* **EXERCISE DIRECTIONS**
Please return the data word for word and leave out any picture it contains.

═══ PROVIDED MATERIAL ═══

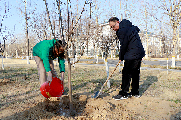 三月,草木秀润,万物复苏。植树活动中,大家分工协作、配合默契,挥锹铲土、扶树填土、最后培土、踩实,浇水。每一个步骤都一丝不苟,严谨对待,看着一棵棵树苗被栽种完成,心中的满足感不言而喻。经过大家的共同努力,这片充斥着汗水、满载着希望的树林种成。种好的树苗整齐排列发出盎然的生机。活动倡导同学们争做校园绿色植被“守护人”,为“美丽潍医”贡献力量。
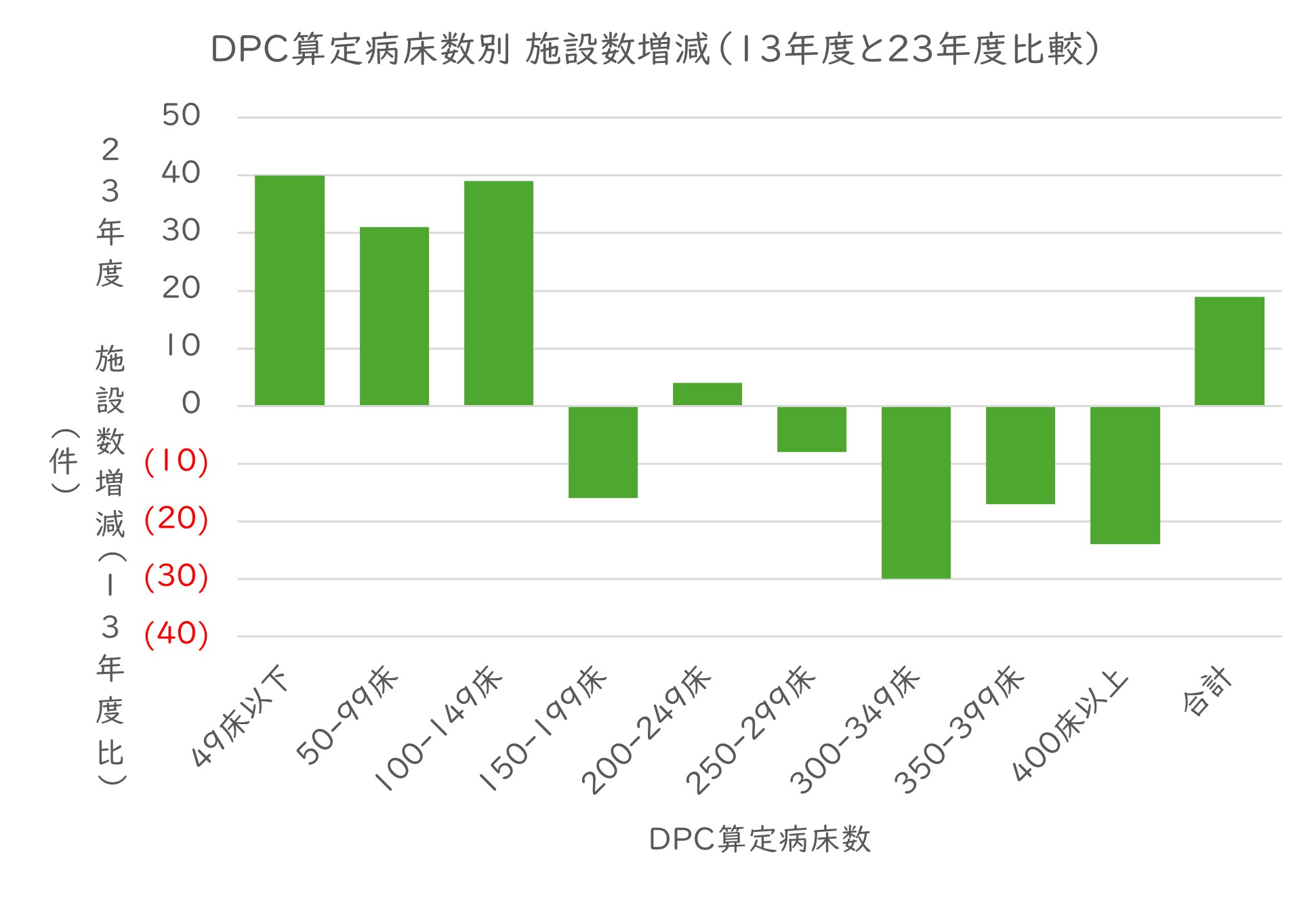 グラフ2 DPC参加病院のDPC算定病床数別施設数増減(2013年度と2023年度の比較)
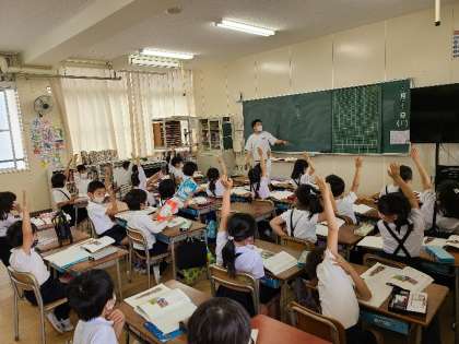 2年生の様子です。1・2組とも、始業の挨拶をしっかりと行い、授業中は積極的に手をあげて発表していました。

═══

* **OUTPUT FOR THIS TASK**
 三月,草木秀润,万物复苏。植树活动中,大家分工协作、配合默契,挥锹铲土、扶树填土、最后培土、踩实,浇水。每一个步骤都一丝不苟,严谨对待,看着一棵棵树苗被栽种完成,心中的满足感不言而喻。经过大家的共同努力,这片充斥着汗水、满载着希望的树林种成。种好的树苗整齐排列发出盎然的生机。活动倡导同学们争做校园绿色植被“守护人”,为“美丽潍医”贡献力量。
 グラフ2 DPC参加病院のDPC算定病床数別施設数増減(2013年度と2023年度の比較)
 2年生の様子です。1・2組とも、始業の挨拶をしっかりと行い、授業中は積極的に手をあげて発表していました。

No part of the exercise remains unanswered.